Personal information
- Full name: Valery Plata Pardo
- Born: 2 June 2001 (age 25) Hialeah, Florida, U.S.
- Height: 5 ft 2 in (1.57 m)
- Sporting nationality: Colombia
- Residence: Floridablanca, Colombia

Career
- College: Michigan State University
- Turned professional: 2022
- Current tour: LPGA Tour (joined 2023)
- Professional wins: 1

Number of wins by tour
- Epson Tour: 1

Best results in LPGA major championships
- Chevron Championship: DNP
- Women's PGA C'ship: DNP
- U.S. Women's Open: DNP
- Women's British Open: CUT: 2022
- Evian Championship: CUT: 2022

Achievements and awards
- Big Ten Player of the Year: 2020
- Big Ten Mary Fossum Award: 2021

Medal record
Women's golf
Representing Colombia
| Event | 1st | 2nd | 3rd |
| Bolivarian Games | 1 | 0 | 1 |
| South American Youth Games | 1 | 1 | 0 |
| Total | 2 | 1 | 1 |
Bolivarian Games
| Gold medal – first place | 2022 Valledupar | Mixed team |
| Bronze medal – third place | 2022 Valledupar | Individual |
South American Youth Games
| Gold medal – first place | 2017 Santiago | Individual |
| Silver medal – second place | 2017 Santiago | Mixed team |

= Valery Plata =

Colombian professional golfer (born 2001)

Valery Plata Pardo (born 2 June 2001) is a Colombian professional golfer and LPGA Tour player.

== Early life and amateur career ==
Although born in Florida, United States, Plata is a Colombian citizen who grew up in Bucaramanga, Colombia, as a neighbor to Mariajo Uribe, winner of the 2007 U.S. Amateur.

Plata qualified for the 2015 and 2016 U.S. Girls' Junior Championship and represented Colombia at the 2017 Junior Golf World Cup in Japan. She won gold at the 2017 Youth South American Games in Chile. With the Colombia team she won the South American U-15 Team Championship in 2015 and 2016, and the South American U-18 Team Championship in 2017 and 2018.

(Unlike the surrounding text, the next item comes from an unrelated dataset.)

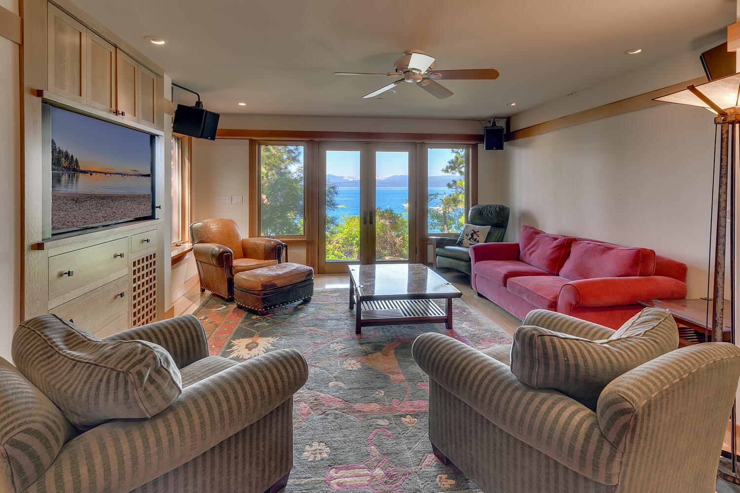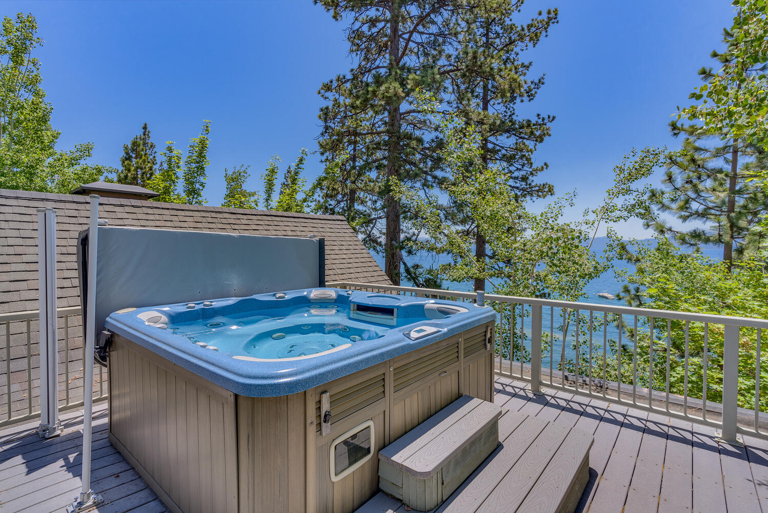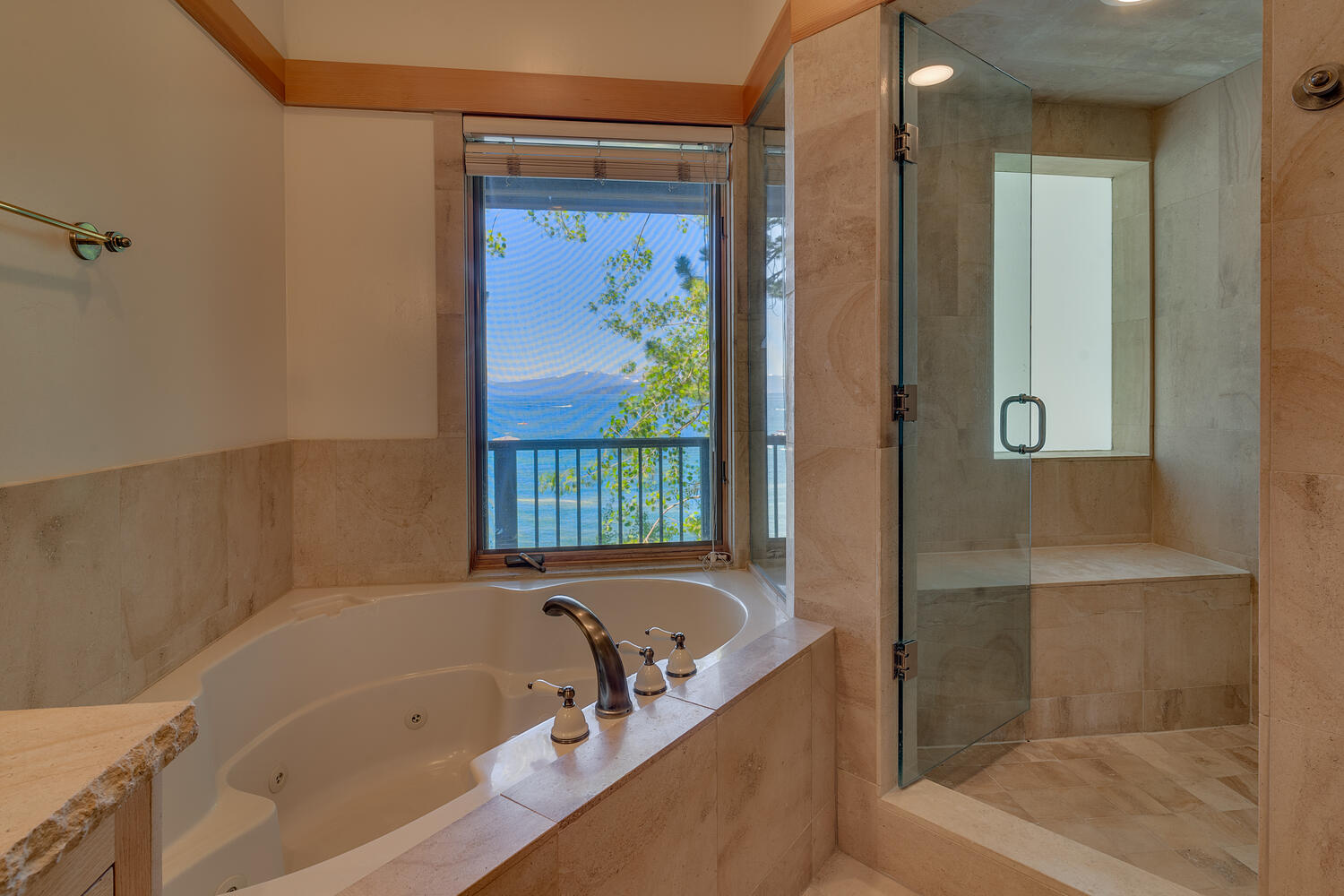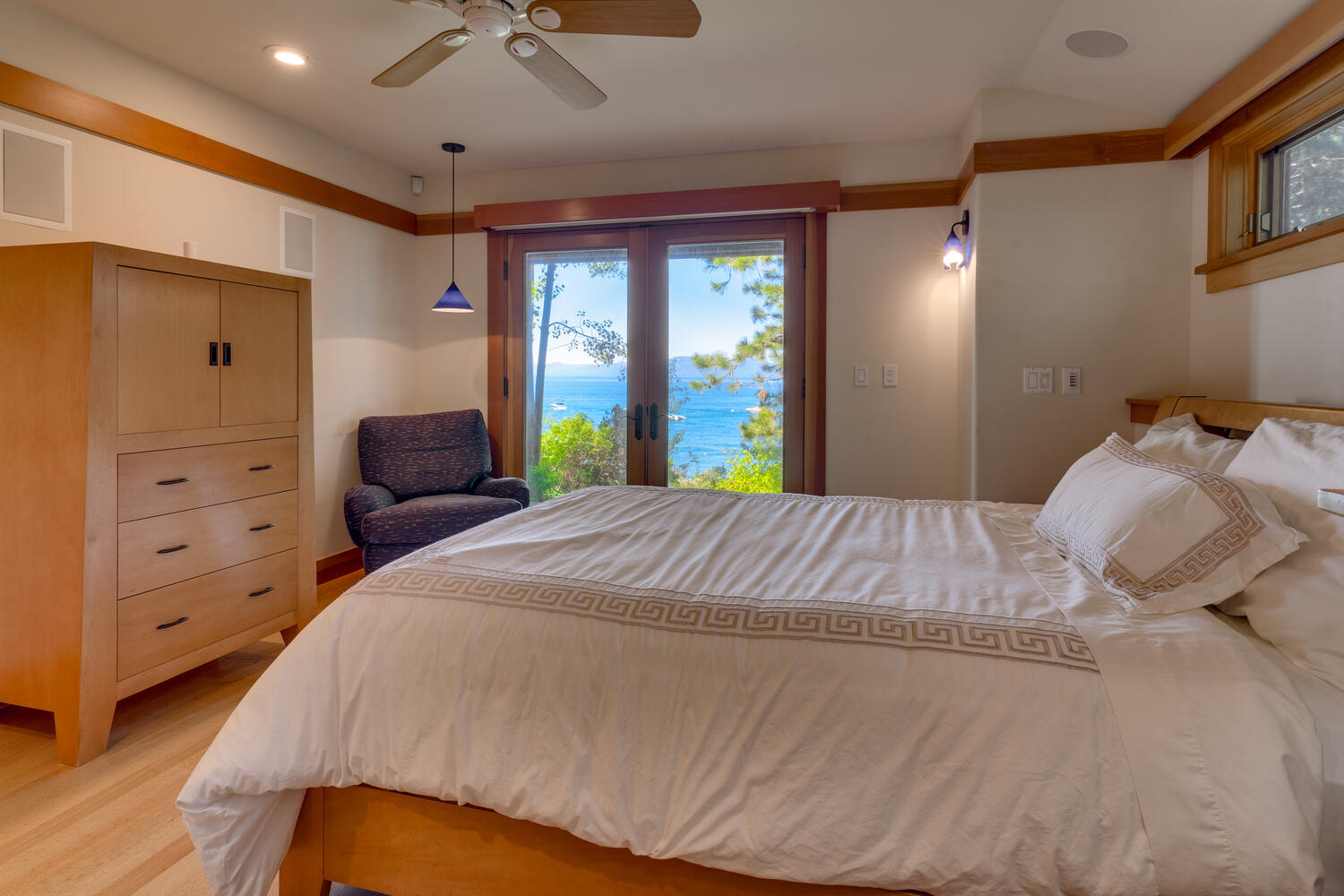 When you aren't enjoying immediate lake access and the community amenities or hosting your guests, you will appreciate the peace you will find in this comfortable setting. Floor-to-ceiling windows showcase views of Lake Tahoe. Intricate beam work, handmade ironworks, stained glass windows, stairs with custom-fit carpet, Douglas fir hardwood floors with custom trim and custom cabinetry throughout highlight the elaborate detail and care with which this home was built.

She attended Michigan State University between 2018 and 2022. Playing with the Michigan State Spartans women's golf team, Plata was a three-time All-Big Ten First Team selection, and named Big Ten Player of the Year in 2020 as a sophomore. In 2021, she won the Big Ten's Mary Fossum Award, an honor given to the Big Ten Conference player with the season's lowest stroke average to par.

Plata played in the Meijer LPGA Classic twice as an amateur, in 2021 and 2022, and made the cut in her first LPGA Tour start. She won the 2021 Women's Amateur Latin America in Argentina, which gave her a place in the field at the 2022 Evian Championship and the 2022 Women's British Open.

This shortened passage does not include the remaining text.